Stock Market Crash: Famed Market Bear Warns of ‘Everything Bubble’

Société Générale’s Albert Edwards, famed for calling the dot-com bubble leading up to the 2000 crash, is again warning investors of a potentially painful plunge ahead.

In his latest note to clients this week, Edwards said US stocks and home prices are in an “everything bubble” that he thinks could soon pop.

Stock valuations are indeed steep. The Shiller cyclically-adjusted price-to-earnings ratio sits at 38, one of its highest levels ever, and both the trailing and forward 12-month PE ratios of the S&P 500 are historically high.

To Edwards, this doesn’t sit well with the fact that long-term interest rates have been on the rise. Rising long-end government bond yields tend to weigh on stock-market valuations as investors can find attractive returns without taking on the high level of risk in the stock market.


30 year bond yields

Societe Generale



Yet US stocks have seen a robust rally in recent years, gaining 78% since October 2022 lows. The market’s high valuations have kept future estimated equity-market yields low. When stocks are more cheaply valued, they can expect higher future returns, and vice versa.


equity yield vs. bond yields

Societe Generale



“It is notable how the US equity market has been able to sustain nose-bleed high valuations despite longer bond yields grinding higher,” Edwards wrote. “I don’t expect it’ll be able to ignore it much longer.”

On housing, Edwards said that the home price-to-income ratio in the US has been virtually flat over the last few years following the pandemic bump, while the ratio has dropped in countries like the UK and France.


home prices to income

Societe Generale



“The US is the only market in which house price/income ratios have NOT de-rated since 2022 as bond yields have risen. Is the US housing market also exceptional relative to Europe? No, it’s nonsense and, in time, investors will come to claim they knew that all along,” Edwards wrote.

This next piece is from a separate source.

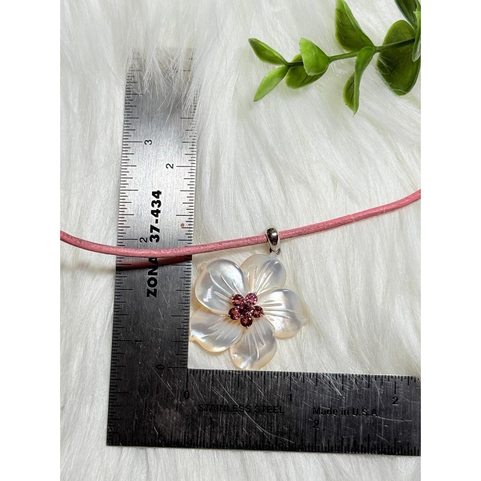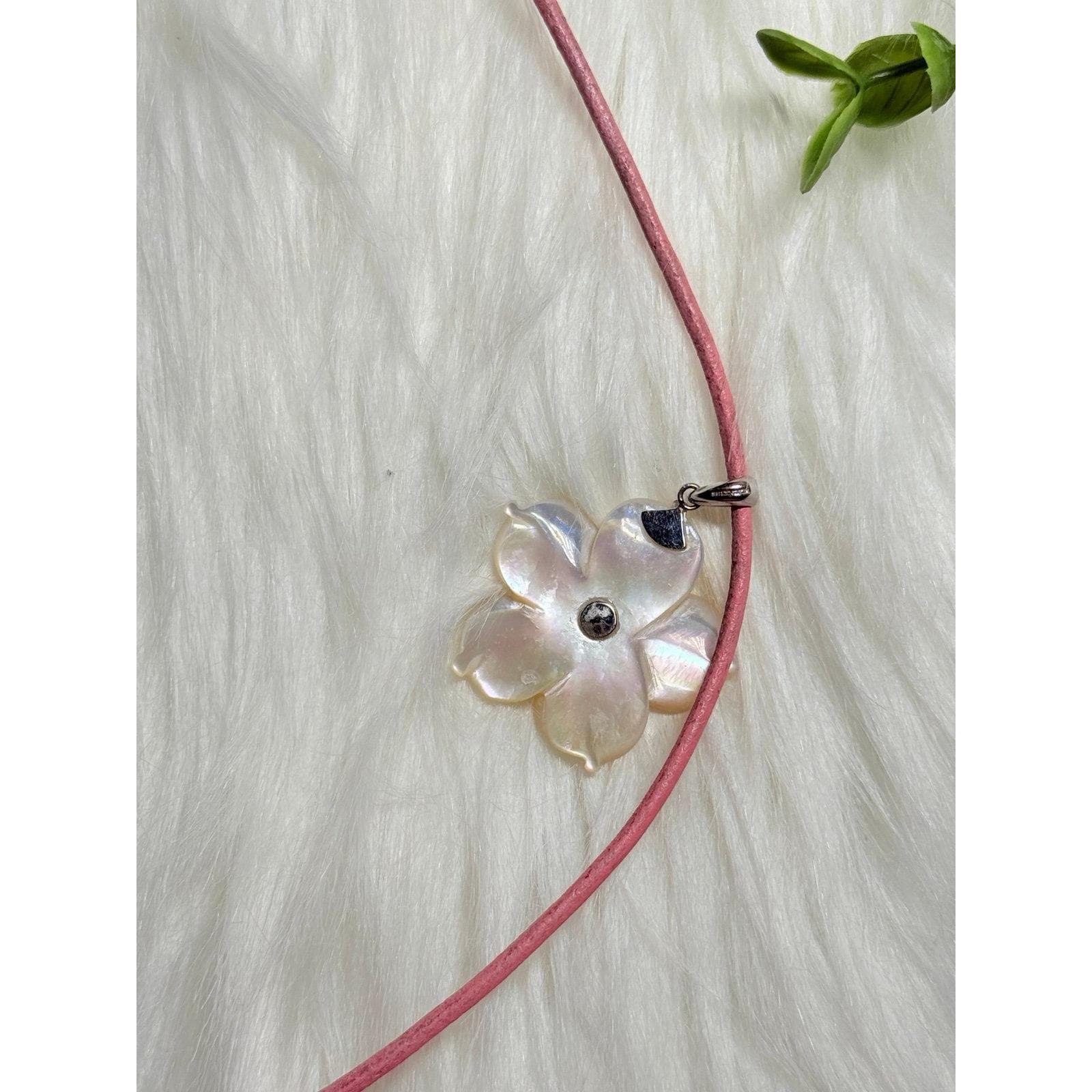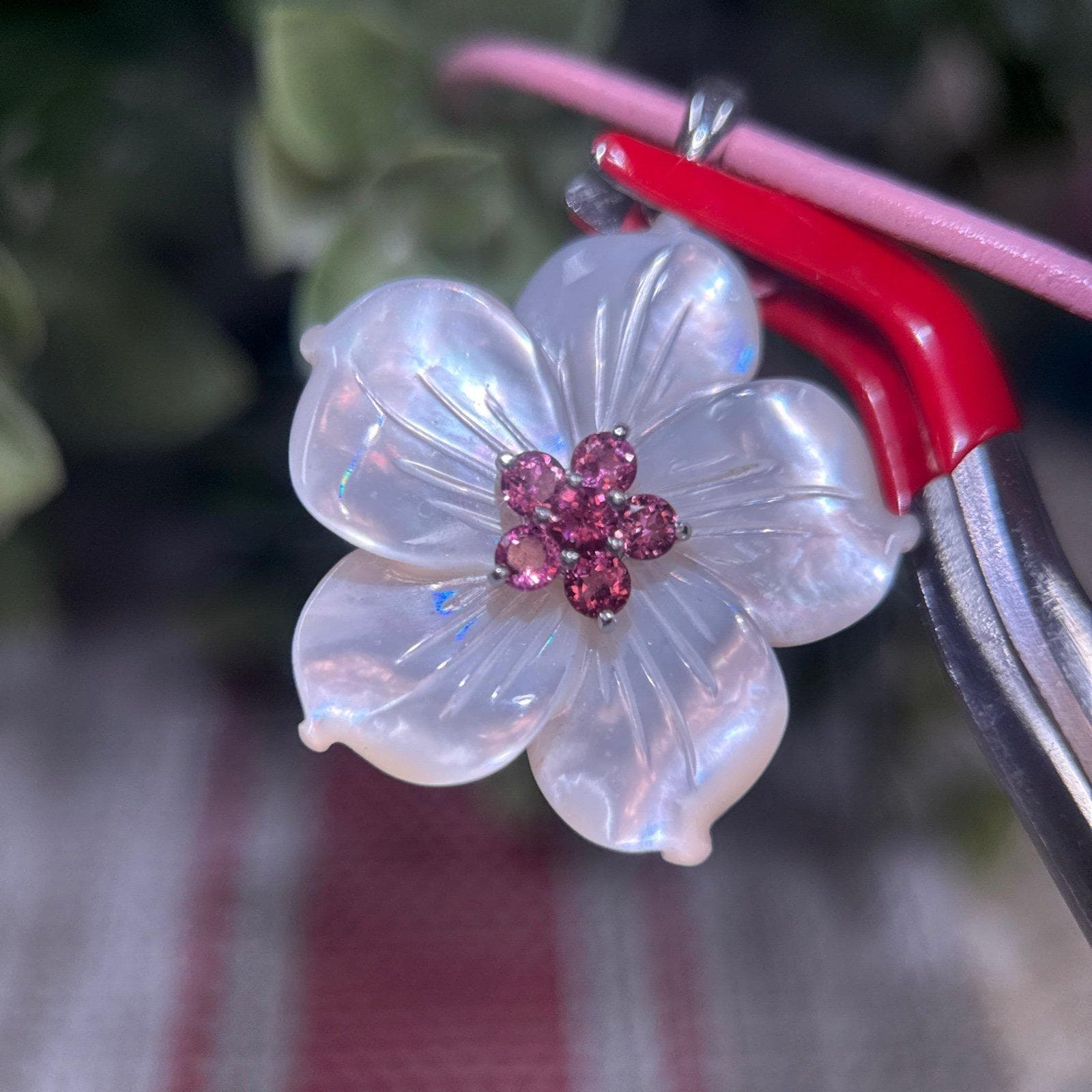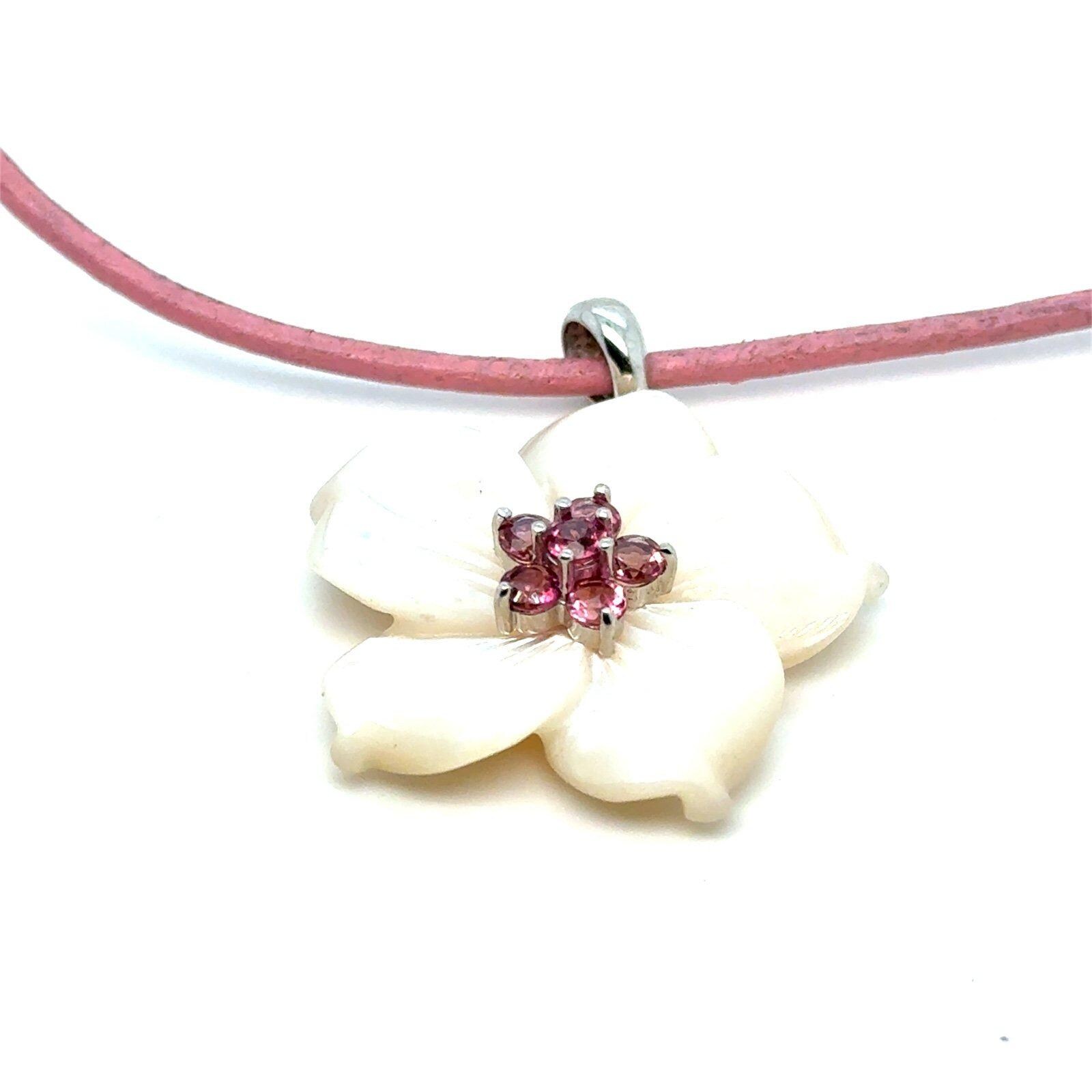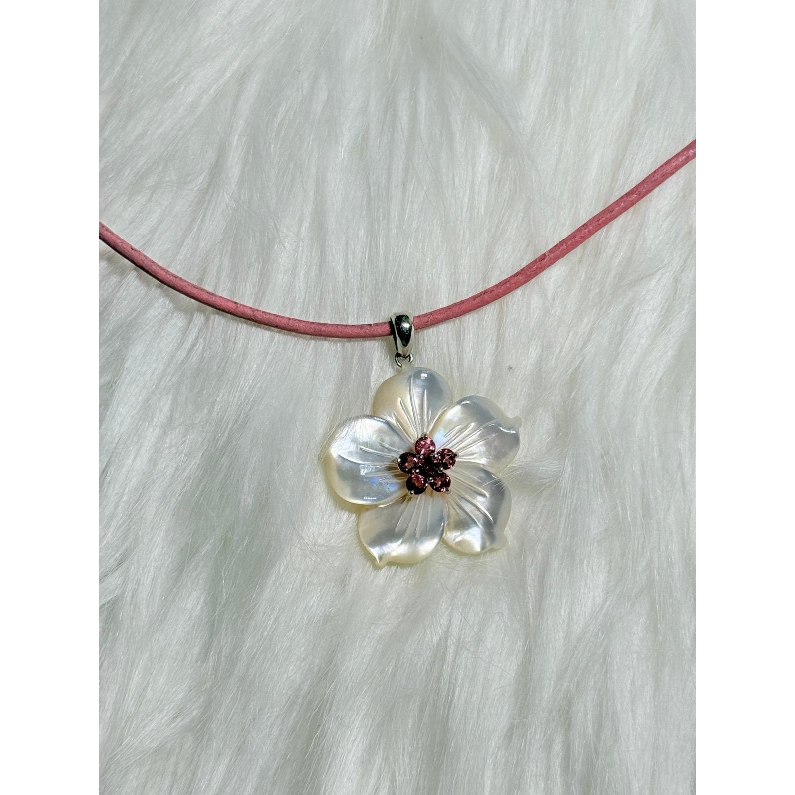 14K White Gold Pink Cord Mother of Pearl/Rubies Necklace

As for what could cause the potential bubbles in US stocks and home prices to burst, Edwards said to watch Japan.

“In the wake of the ruling party coalition losing its Upper House majority, concerns in the bond market about the risks of further fiscal easing and high inflation are growing,” he wrote.

Higher inflation in Japan could mean higher interest rates and a further unwinding of the Japanese yen carry trade, in which foreign investors borrowed cheaply in yen and converted to dollars to buy higher-yielding US assets. In 2024, the Bank of Japan unexpectedly hiked rates, roiling global markets as investors liquidated assets they had bought with borrowed yen.

In May, Edwards warned rising interest rates in Japan could cause a “global financial Armageddon.”

Edwards publishes his notes, which regularly express a bearish outlook, under Société Générale’s “alternative view,” separate from the bank’s house view.

“A lot of clients who totally disagree with me like to read my stuff,” he told Business Insider in May. “It’s a reality check.”